My biggest problem with the movie is that it felt rushed overall. The viewers don’t get to see many of the main elements from the original movie being played out. I believe part of the reason is because the songs took up most of that time. A turning point in the original film is when Cady Heron ditches her friends Janis Ian and Damian Hubbard to spend more time with “the plastics,” thus initiating her transition from new girl to mean girl. In this version, it seemed like we saw her more with Janis and Damian trying to sabotage the plastics, instead of transforming into one. All of this was also playing out during one song.

After watching a movie, I like to watch interviews from the cast. One of the interviews I watched proved the fact that it was rushed by saying production only took a month.

The casting in this movie was hit or miss. It was nice to see some returning actors to their roles. For example, Tina Fey and Tim Meadows reprised their respective roles of Mrs. Norbury and Mr. Duvall from the 2004 film. In addition, Renee Rapp reprised the role of Regina George, which she played on Broadway from 2019-2020 and her performance was strong. There were also some fun cameos that I won’t spoil.

However, I don’t think the casting for Cady Heron and Aaron Samuels, who are supposed to be interested in each other, was the best. Heron is played by Angourie Rice and Samuels by Christopher Briney. Though I like them as actors in other roles I’ve seen them in, this was not their best work. They never really had chemistry with each other and their characters didn’t interact as much as in the original film. This makes it harder for the audience to root for their relationship. Rice also has a few numbers where she sings including two solos. I don’t think her vocal performance was strong enough for a musical role.

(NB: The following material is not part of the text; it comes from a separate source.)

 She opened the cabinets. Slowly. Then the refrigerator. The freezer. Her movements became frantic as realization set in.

I think the musical element served the film nicely, but the way they were presented and performed also had its pros and cons. As I mentioned, the songs did tend to slow down the plot and flow of the film at times. While I feel like all these songs are necessary, most of the scenes featuring these songs had the characters singing in the same spot and not really moving the storyline along. Because of this, my favorite songs both sung and performed were in the second half: two songs Regina sings and one Janis, played by Auli’i Cravalho, sings.

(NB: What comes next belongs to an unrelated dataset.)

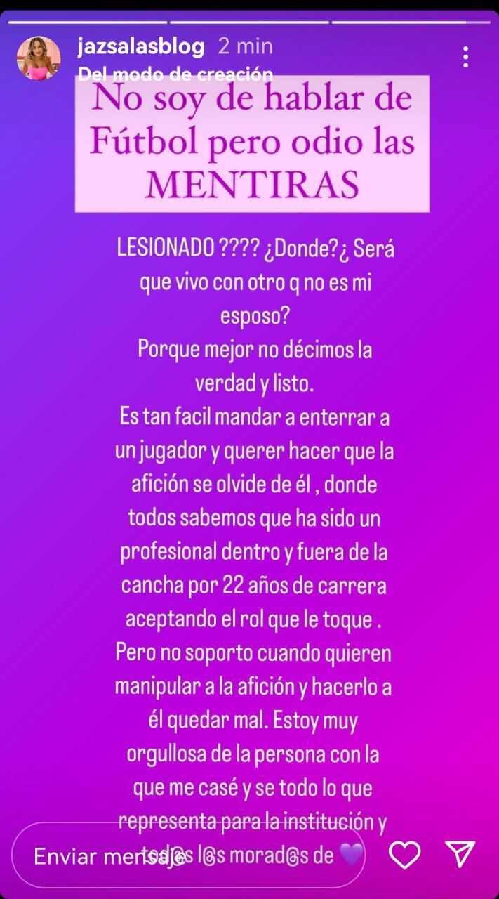 Seguramente, tras escuchar esa justificación, Salas explotó con un mensaje que compartió en sus historias de la red social Instagram y pidió que por favor digan la verdad.

Considering this movie was made 20 years after the original, it added a few more modern elements to appeal to its crowd and fit with the times. For example, there was much more LGBTQ representation. This is where I believe the original was ahead of its time in making Damian a gay character and accusing Janis of being lesbian. This version changed the story behind Regina and Janis while actually making Janis lesbian as well. There were also more additions of social media since that wasn’t as big in the early 2000s. I think social media worked well for the trends set and spreading of the Burn Book. But in some scenes, it was too much of a sensory overload.

One of the elements this film took out from the original was the iconic three-way calling. Since the movie already incorporated modern elements, in my opinion, this was a missed opportunity to include a FaceTime call between them instead.

Despite all these comments, I really enjoyed watching the movie and would overall recommend it. It was a fun movie with good songs and a classic plot. The experience was especially enhanced in the theater with good friends. Overall it was great.